Hypertension more frequent among women (χ2 (1) = 6.953, p = 0.008), primarily in African Americans (χ2 (1) = 5.113, p = 0.024) and Hispanics ((χ2 (1) 3.988, p = 0.046), but not Caucasians (χ2 (1) = 0.202, p = 0.653. Hispanics more likely to have hypertension than African Americans and Caucasians (χ2 (2) = 20.585, p < 0.001)
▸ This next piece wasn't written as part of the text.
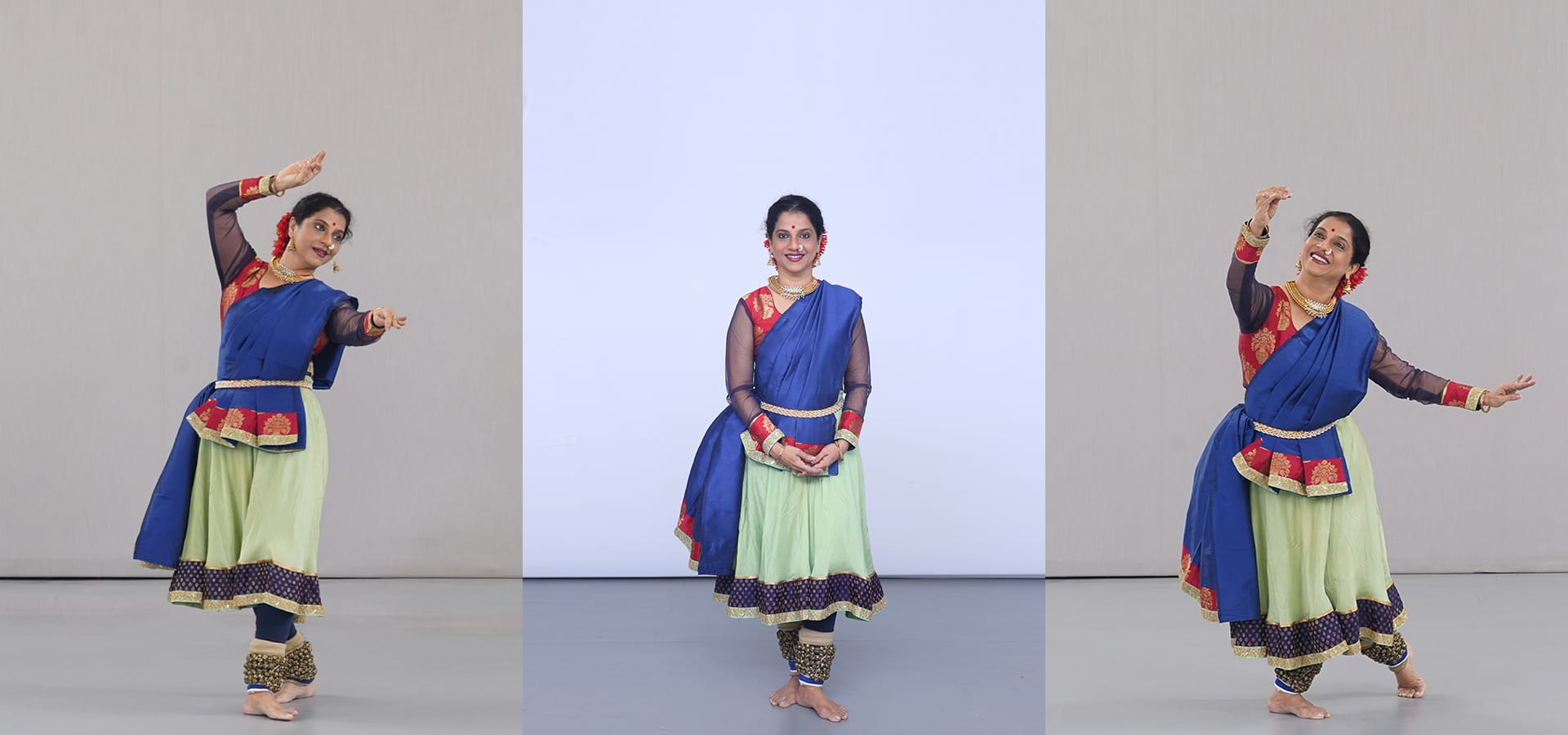 In the first experiment, the dancer performed Vandana (Salutation) in Pancham Swari taal (rhythmic cycle) in the studio of MAV. Her aura was measured at multiple points—on entering the Ashram initially, after wearing her costume and makeup (before the performance), and finally, after the performance. The auras of the audience and ghunghroos (bells) were also measured before and after the dance.

Rates of diabetes mellitus similar in men and women (χ2(1) = 0.075, p = 0.784), although among Caucasians, a greater proportion of men reported history of diabetes (χ2(1) = 6.502, p = 0.010). African Americans were more likely to have diabetes mellitus than Hispanics or Caucasians (χ2(2) = 10.582, p = 0.005).
Men more likely to have history of heart disease than women (χ2(1) = 5.636, p = 0.018). Rates of heart disease similar across ethnic groups (χ2(2) = 4.446, p = 0.108).
Men more likely to report history of stroke than women among African Americans (χ2(1) = 7.994, p = 0.005), but not Caucasians (χ2(1) = 1.195, p = 0.274) or Hispanics (χ2(1) =0.949, p = 0.330. The percent of participants who reported past signs or symptoms of stroke did not differ by ethnic group (χ2(2) = 2.559, p = 0.278).
African Americans had higher degrees of vascular disease than Caucasians (p<0.001) and Hispanics (p = 0.03); women had lower degrees of vascular disease than men (p < 0.001), but there was no ethnicity by sex interaction.